So what we see here is that the total bandwidth remains within the usual range around 60% efficiency, and that while it continues to increase past 4266 MT/s, it still reaches a plateau around 6000 MT/s where the GPU gets a bit faster, at the expense of the CPU which gets slower, and the overall efficiency starts to drop there.

So this indicates that there’s definitely something limiting the number of xfers per second that can be achieved with the RAM, though the total performance is quite good and close to expectations for such a chip. I didn’t manage to change the ratios between CPU and GPU by playing with the DRAM settings above (priority per port etc).

I forgot to say a word about power draw:

  • my board idles at 12.5W right now (4x3.1+ 4x2.6 + 4x1.8 GHz, DDR5-6400)
  • during the CPU test, it peaked at 25.0W
  • during the GPU test, it peaked at 21.8W
  • during the CPU+GPU test, it reached 28.7W
  • running it on all 12 CPU cores + GPU, it reached 30.8W

Also a few numbers slightly differ from the previous test because I discovered a service packagekit that is wasting the CPU at boot for a few minutes and adds noise, so this time I killed it. (the other things I kill are gdm and cix-audio-switch).

Edit again:
I now found what is limiting the DRAM speed for the CPU above certain levels. It’s the CI700 interconnect frequency. It is set to 1.5 GHz in opp_config_custom.h. Lowering it to 1 GHz makes the CPU<->DRAM frequency drop to 27.3 GB/s. Increasing it to 1.8 GHz makes the bandwidth reach 47.5 GB/s (vs 40.3), i.e. 46.4% of the DRAM bandwidth instead of 39.4%. However, it crashed during some builds. But the point is not to overclock it (Arm indicates it can reach 2 GHz at 5nm, the chip is in 6nm), but to understand what has an effect on the system’s limits.

Interestingly, the GPU isn’t subject to the CI700 frequency, so the GPU bandwidth remains exactly the same at various levels (upper and lower). And the combined bandwidth changes very little.

6 Likes

For those interested in reproducing the experiment, don’t hold your breath too much. It appears that this board has a particularly good chip. My new one (32GB arrived yesterday) has less margin, and doesn’t boot with the DSU at 1.5 GHz or above (vs 1.6 GHz for this one), and sees occasional crashes with the first big cluster at 3.0 GHz.

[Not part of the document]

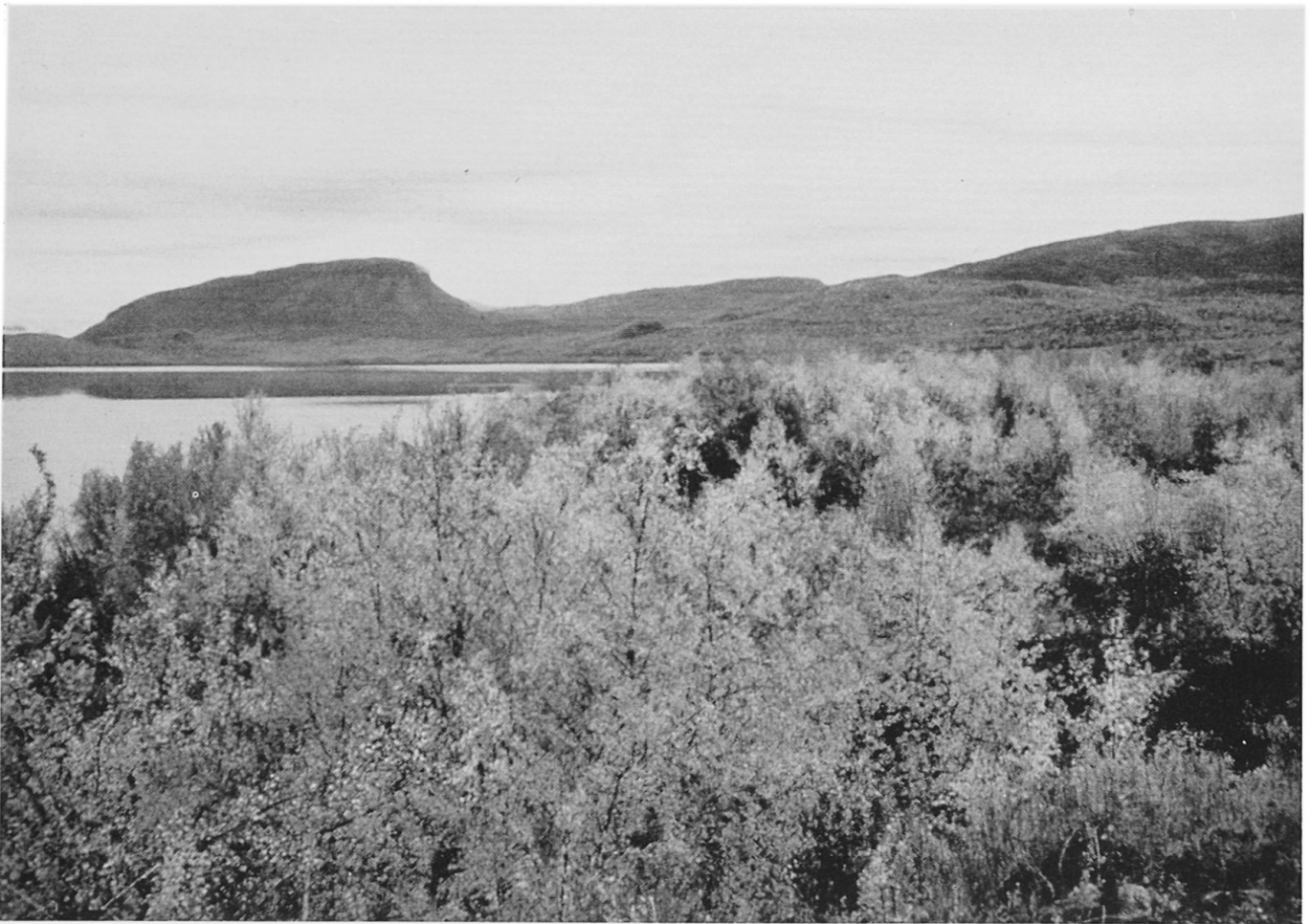
Abbildung 4. Birken-Buschwald in Nordlappland. Im Hintergrund der Saanaberg, 1029 m ü. M.

es eben ist, gibt es hier kaum Einsenkungen, die als Seebecken dienen können. Dazu kommt, daß sich der größte Teil des Gebietes zum Bottnischen Meerbusen neigt und dort keine wasserstauenden Schwelgen vorkommen. Seen und Flüsse sind am spärlichsten im Küstenbereich des Bottnischen Meerbusens und in weiten Regionen Nordlapplands, wo ihr Anteil an der Oberfläche sogar unter 5% liegt. In Kainuu und in Nordostfinnland (Gebiet von Kuusamo) sowie in der Gemeinde Inari in Lappland nehmen die Wasserflächen dagegen stellenweise 15–35% der Gesamtfläche ein. In der Provinz Oulu beträgt der Anteil der Wasserflächen ungefähr 7,8%, in der Provinz Lappland 5,6%, in ganz Finnland sogar 10,3% der Oberfläche.

However, 2.8GHz for the big cluster, 2.6 GHz for the medium one, 3200 MHz for the DRAM and 1.6 GHz for the CI700 is quite OK and mostly within specs, and delivers 43 GB/s for the CPU, 49 GB/s for the GPU, and 41+15.3=56.3 for CPU+GPU (55% efficiency). So I guess we won’t have much more to grab here.

1 Like

This is nothing unusual,
Pi5 can overclock from 2.8 up to 3.2 depending on particular unit. You may get 5 of them from shop shelf and only some of them will be stable at higher clock speed.
Who is surprised at all? This is reality, thanks @willy for fair report!

I mean I’m not surprised either, my point was essentially to give more feedback since till now there were only two reports of OC, both very successful, I prefer not to make people dream and buy it with that goal in mind then be disappointed. I think that most of the performance will come from upping the med cores anyway, since they’re pretty low on the default BIOS, so there’s no point pushing the machine to its limits, it’s already pretty good like that. Even the DDR doesn’t bring anything past 5500 already. That’s a bit sad but that’s how it is. I’m keeping my machine running at 6400 in order to maximize the chance to detect a glitch, but I’ll down it later.

1 Like